▸ SOURCE MATERIAL:
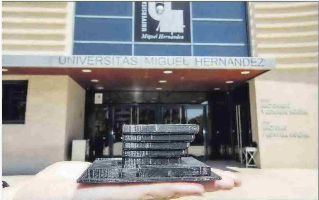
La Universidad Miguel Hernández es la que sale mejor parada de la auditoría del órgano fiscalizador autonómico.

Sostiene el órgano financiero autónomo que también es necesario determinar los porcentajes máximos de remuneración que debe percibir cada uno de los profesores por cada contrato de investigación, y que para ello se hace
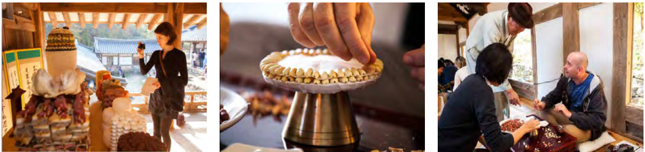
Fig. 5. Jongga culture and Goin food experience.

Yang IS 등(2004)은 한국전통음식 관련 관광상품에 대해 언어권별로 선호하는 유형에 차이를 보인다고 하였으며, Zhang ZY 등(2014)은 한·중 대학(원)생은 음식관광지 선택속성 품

--

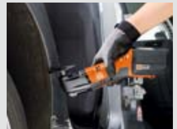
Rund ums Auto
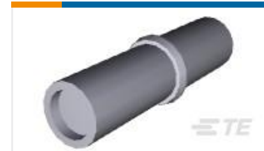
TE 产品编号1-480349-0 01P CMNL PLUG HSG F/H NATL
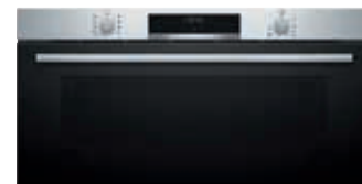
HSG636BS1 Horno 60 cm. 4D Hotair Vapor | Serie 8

--

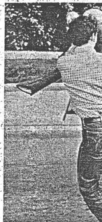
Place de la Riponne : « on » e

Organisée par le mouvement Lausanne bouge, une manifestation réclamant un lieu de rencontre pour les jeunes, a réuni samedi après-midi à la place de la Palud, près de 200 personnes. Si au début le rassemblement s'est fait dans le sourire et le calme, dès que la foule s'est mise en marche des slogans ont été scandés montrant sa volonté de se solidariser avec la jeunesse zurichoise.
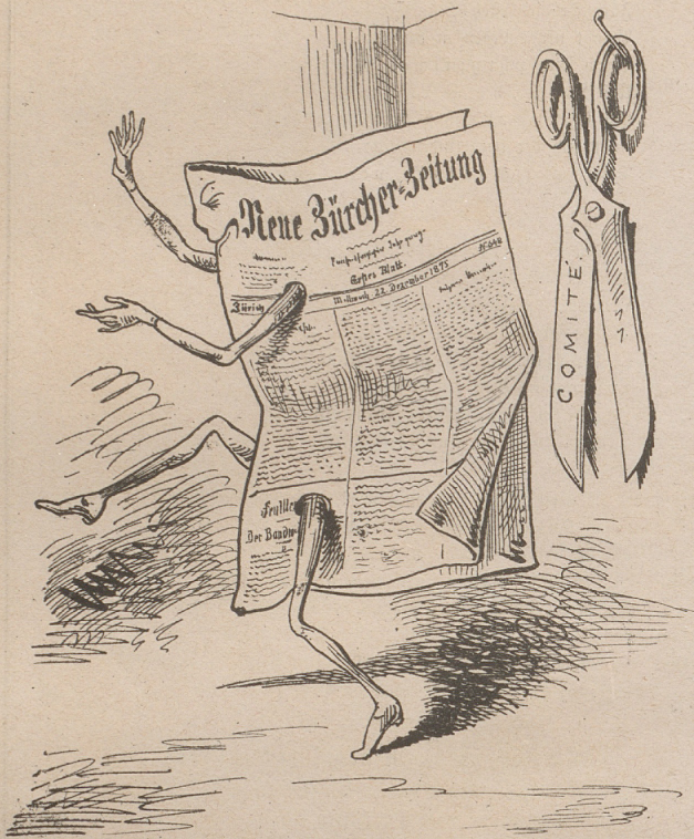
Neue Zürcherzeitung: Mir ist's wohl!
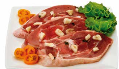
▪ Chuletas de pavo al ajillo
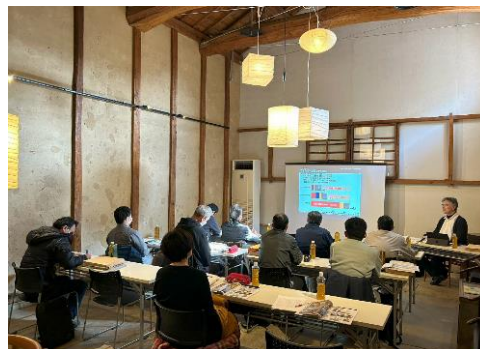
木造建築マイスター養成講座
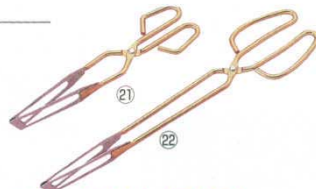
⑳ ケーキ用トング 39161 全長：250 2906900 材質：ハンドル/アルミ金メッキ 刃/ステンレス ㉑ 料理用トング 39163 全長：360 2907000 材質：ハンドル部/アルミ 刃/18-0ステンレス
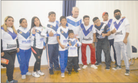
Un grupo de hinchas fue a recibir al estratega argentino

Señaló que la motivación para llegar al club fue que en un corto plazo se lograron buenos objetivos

▸ ASSIGNMENT: Nothing except the lines from the one containing "TE 产品编号1-480349-0 01P CMNL PLUG HSG F/H NATL" through the one containing "HSG636BS1 Horno 60" should appear in the answer, exactly as above and without pictures.

▸ TASK ANSWER:
TE 产品编号1-480349-0 01P CMNL PLUG HSG F/H NATL
HSG636BS1 Horno 60 cm. 4D Hotair Vapor | Serie 8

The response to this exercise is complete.